In the fall of 2019, the largest manufacturers of Windows driven Laptops like HP, Lenovo, Dell, Acer, and Asus were also producing lower cost Chromebooks for online and retail sales.
These companies have very successfully held a corner in the PC market for several decades now. Does anyone remember what happened to Gateway Computers? They didn't last long term as the competition eventually consumed them and called them "Acer". But who really owns or controls Acer, and why is there still a teeny tiny website called "http://www.gateway.com/worldwide/" that nary any of us think about when shopping for computers these days??? Who do they sell to? Who keeps them in business and why?
By producing Chromebooks for public consumption, these manufacturers were actually competing against their own higher priced windows machines, and that created a commercial tension that has seemingly, finally snapped!!
In the early to mid 2019 time frame, these large, and very controlling manufacturers started removing Solid State Hard Drives from new Chromebooks.
They replaced them with "eMMC storage", a far slower hard-drive-like storage system without reducing the established pricing or disclosing the loss in performance to consumers.
eMMC storage as a replacement for a Solid State Drive is FIVE TIMES SLOWER than Solid State Drives and much lower cost to these manufacturers.
Question: Is it possible to believe these Laptop Manufacturing companies and the professionals who lead them didn't realize exactly how bad this switch out was going to affect the machine performance when put to the test with CT Browser Sets (custom tabbed browser sets)? Remembering that these companies and the professionals that lead them have had the market "co-petitively" cornered for a few decades now...
OR
Question: Is it reasonable to believe executives at the top of these companies knew the exact impression the sluggishness would create in the conscious and/or subconscious minds of consumers who would be purchasing them with the intention of seeking permanent relief from their gnarly grasp during the Windows 7, End of Life event which was transpiring on 1/14/2020?
Honestly, it clearly looks as if they had collectively put a scheme into motion at least 12 months prior that was designed to pospone the inevitable LONG TERM LOSSES they were soon to face due to a rising UNIX marketplace, but you'll need just a little more information to see this the same way.
This apparent collaboration by all the Vendors was a fatal commercial mistake in-deed, but to be fair, it appears as if a true case of the Karmic Chicken Flu had been injected into their game!
Karmic Chicken is a game in which the deeds of individual people and/or the companies they've energetically created eventually lead them into dead end corners with depressed ethical and legal mindsets.
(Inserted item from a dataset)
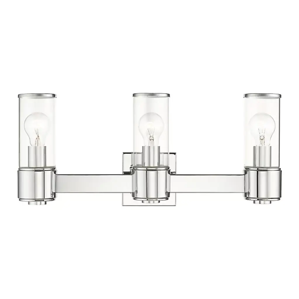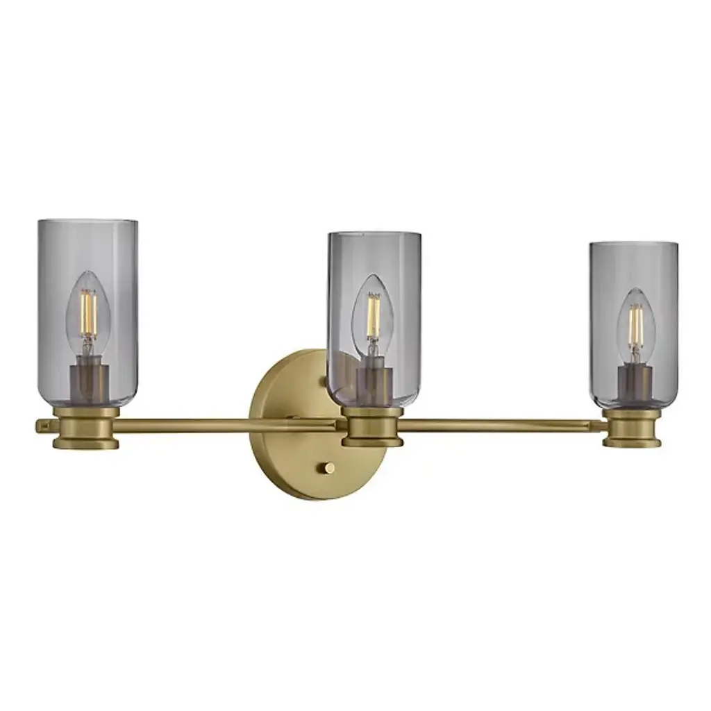 Collection: Quincy, Material: Steel, Finish Color: Polished Brass, Width: 22.5", Height: 9.75", Depth: 4", Height From Outlet Box: 7.38", Backplate Width: 4.75", Backplate Length: 4.75", Lamping Type: Incandescent, Number Of Bulbs: 3, Wattage: 60 Watts, Moisture Rating: Dry Rated, Desc: The stunning Quincy vanity sconce features a polished brass finish with clear glass. This sleek design will brighten up any bathroom.,

When the corners finally get found, the players will always eventually realize there are no more good options -- and at that point, things always get interesting!!
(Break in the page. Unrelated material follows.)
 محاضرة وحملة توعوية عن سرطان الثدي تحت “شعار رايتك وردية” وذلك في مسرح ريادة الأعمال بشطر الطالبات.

In the world of addiction, we talk a lot about "hitting bottom". In the world of Karma, it's all about that terrifying corner where there is seemingly no longer any good moves left. It's like being put in "check" in the game of "chess", that always eventually leads to "check mate", but seldom without an exciting final few moves!
and all option lead to some kind of traumatic event with a negative outcome. The good news is that once the pinning in is complete, and the realization that this is always a zero sum game, reparations can be made and
And for what it's worth, there is no known vaccine for the Karmic Chicken Flu at this time and in fact, one of the upcoming rounds may in-deed be related to the Vaccine Manufacturers themselves! And you don't want to miss that bout!
All the Laptop Manufacturers made the recent Chromebook marketing descriptions appear as if eMMC was a new normal, when in fact it was a huge cost cutting step and a stone age throwback for no decrease in price to the consumer.
In fact, in retail settings like Best Buy, the price on Chromebooks started climbing by 50 to 100% in the second half of 2019 as the machines got gutted -- it seems they were trying to use the perception of a new (eMMC) and not-better industry wide storage system as the impetus.
Suspiciously, all the Laptop Manufacturers came to market with these dramatically watered down devices at nearly the same time, which is not commercially natural. In a competitive market, one should have been capitalizing on the other for the sub-par swap out, not following step...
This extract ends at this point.